In a press conference earlier in the day, Barnier warned however that discussions on the bill and future relationship should not be mixed up.

Davis for his part said the UK is "absolutely" committed to working out the details.

He said May put forward "concrete proposals", adding that "it will up to our teams to work through those details this week".

The previous three rounds of Brexit negotiations led to little progress on the key issues of financial settlement, citizens' rights and the border of Ireland.

Unless talks proceed on these issues, the UK will not be able to start negotiating on a transitional deal that May sugegsted could be two-years-long after 2019.

May on Friday committed to settling the bills so that no EU member state has to pay more or receive less because the UK leaves the bloc, and said the European Court of Justice could play a role in defending citizens' rights.

Both pledges mean a step for the UK, which has so far lacked a position on the financial settlement and refused any ECJ participation in safeguarding citizens' rights.

There are two more rounds of talks before the October summit of EU leaders, where Barnier will brief them on developments.

It is expected that Barnier will not be able to report "sufficient progress" on the key issues to leaders for them to be able to give the green light on moving onto discussing the future relationship.

Barnier earlier on Monday updated EU affairs ministers, with an official saying "there was a little more optimism" in the room following May's speech.

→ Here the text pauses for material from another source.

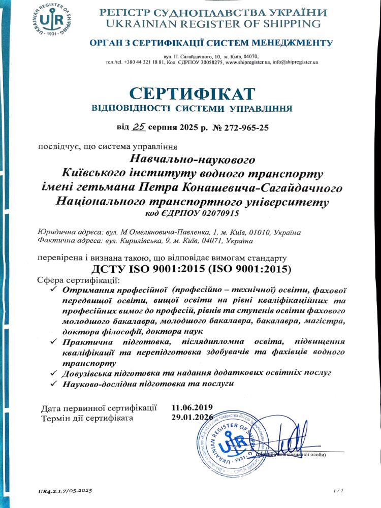 Навчально-науковий Київський інститут водного транспорту імені гетьмана Петра Конашевича-Сагайдачного НТУ продовжує розвивати стратегічні партнерства та підтверджувати високі стандарти освітньої діяльності.

Some EU countries still hope it is possible that in October the UK can move onto the next phase, but most want to avoid putting too much emphasis on the October date. "They don't want to dramatise it too much," a source said.

The green light can then be given at the December gathering of EU leaders.

On transition

EU affairs ministers have not ruled out the possibility of a transition period for the UK after Brexit, but want to see what that transition would mean concretely.

Member states would have to update or give a new negotiating mandate to Michel Barnier to be able to discuss a transition period with London.

Barnier at the press conference warned that any transition period would mean that the UK would have to continue respecting EU rules and regulations.

"The UK has to respect regulatory and financial framework of the single market. We are talking about extending EU legislation for certain period of time, continue with things such budget, supervision, judicial control," Barnier added.